И все-таки если не произведения Сологуба, то самая его личность должна занять видное место в литературной панораме символистской поры. Опять же — не потому, что общие или литературные идеи Сологуба занимали центральное или определяющее положение в самом символизме (этого не было), но потому, что в литературной жизни, в обществах, кружках и редакциях он непременно хотел играть и играл весьма заметную роль. Он был вполне искренен в любви к одиночеству и в отвращении к миру. Но и в мире, им отвергаемом, хотел занимать важное место. Наконец, нельзя отрицать, что как человек он был очень своеобразен и это сказывалось во всех его поступках и повадках. Люди символизма вообще отличались таким ярким «оперением», какого русская литературная среда перед тем не видала по крайней мере лет пятьдесят — с тех пор, как исчезли последние представители ее золотого века. Блок, Брюсов, Белый выделялись из толпы с первого взгляда. Таковы же и ныне здравствующие их соратники. Таков был и Сологуб. Представители иных тогдашних групп и течений были куда безличнее и серее.
Принято было говорить о нем, что он злой. Думаю, что это не совсем так. Его несчастием было то, что несовершенство людей, их грубость, их пошлость, их малость нестерпимо кололи ему глаза. Он злобился на людей именно за то, что своими пороками они словно бы мешали ему любить их. И за это он мстил им, нечаянно, а может быть, и нарочно платя им той же монетою: грубостью, пошлостью. Неверно, что в нем самом сидел Передонов, как многие говорили; но верно, что, досадуя на Передоновых, он нередко поступал с ними по-передоновски.

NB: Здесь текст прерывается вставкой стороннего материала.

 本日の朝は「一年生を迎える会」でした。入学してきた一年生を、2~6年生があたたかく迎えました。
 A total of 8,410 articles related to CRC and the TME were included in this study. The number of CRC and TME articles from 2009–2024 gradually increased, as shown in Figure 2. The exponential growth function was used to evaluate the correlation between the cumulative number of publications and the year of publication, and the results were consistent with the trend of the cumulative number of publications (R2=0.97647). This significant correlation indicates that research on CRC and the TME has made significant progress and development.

Излюбленный его прием заключался в том, чтобы поставить человека в неловкое, глупое, а то и тягостное положение. В 1911 году я приехал к нему в Петербург по поручению одного московского издательства. Он пригласил меня завтракать. За столом, в присутствии его жены, с которой я только что познакомился, он стал задавать мне столь непристойные вопросы и произносить такие слова, что я решительно не знал, как быть и куда смотреть. Вести разговор в его тоне было немыслимо, оборвать его резко было бы донкихотством и мальчишеством (он был меня много старше). Я старался переменить тему (вернее — темы, ибо от одной непристойности Сологуб тотчас переходил к другой), но он гнул свою линию и откровенно наслаждался моим смущением.

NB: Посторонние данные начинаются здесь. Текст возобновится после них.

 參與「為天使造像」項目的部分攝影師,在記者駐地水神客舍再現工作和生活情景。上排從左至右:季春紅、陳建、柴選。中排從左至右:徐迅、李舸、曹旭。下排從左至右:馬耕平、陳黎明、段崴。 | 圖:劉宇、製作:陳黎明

По-видимому, он до крайности был обидчив, как часто бывает с людьми, прошедшими нелегкий жизненный путь и изведавшими немало унижений. Он тратил немало времени и душевных сил на непрестанное, мелочное оберегание своего достоинства, на которое никому и в голову не приходило посягать. С еще большею скрупулезностью оберегал он достоинство своей жены, которую, в общем, недолюбливал. Казалось бы, этому противоречит тот случай, о котором я только что рассказал. Но я вполне допускаю, что если бы я не смутился, а позволил себе в присутствии Анастасии Николаевны быть столь же развязным, как он сам, то Сологуб счел бы долгом своим за нее обидеться. За справедливостью он не гнался.
Обидчиков (действительных и воображаемых) своих и своей жены он преследовал деятельно и неумолимо. Не стану в подробностях излагать знаменитую в свое время историю с обезьяньими хвостами: о ней уже было писано. Отмечу лишь, что и после того, как она закончилась официальным примирением, Сологуб все-таки буквально выжил из Петербурга двух-трех видных литераторов, которых считал виновниками происшедших событий. Для этого он пустил в ход целый сложный механизм интриг и происков, столь же отчетливо окрашенных в передоновские тона, как и вся история, из-за которой сыр-бор загорелся.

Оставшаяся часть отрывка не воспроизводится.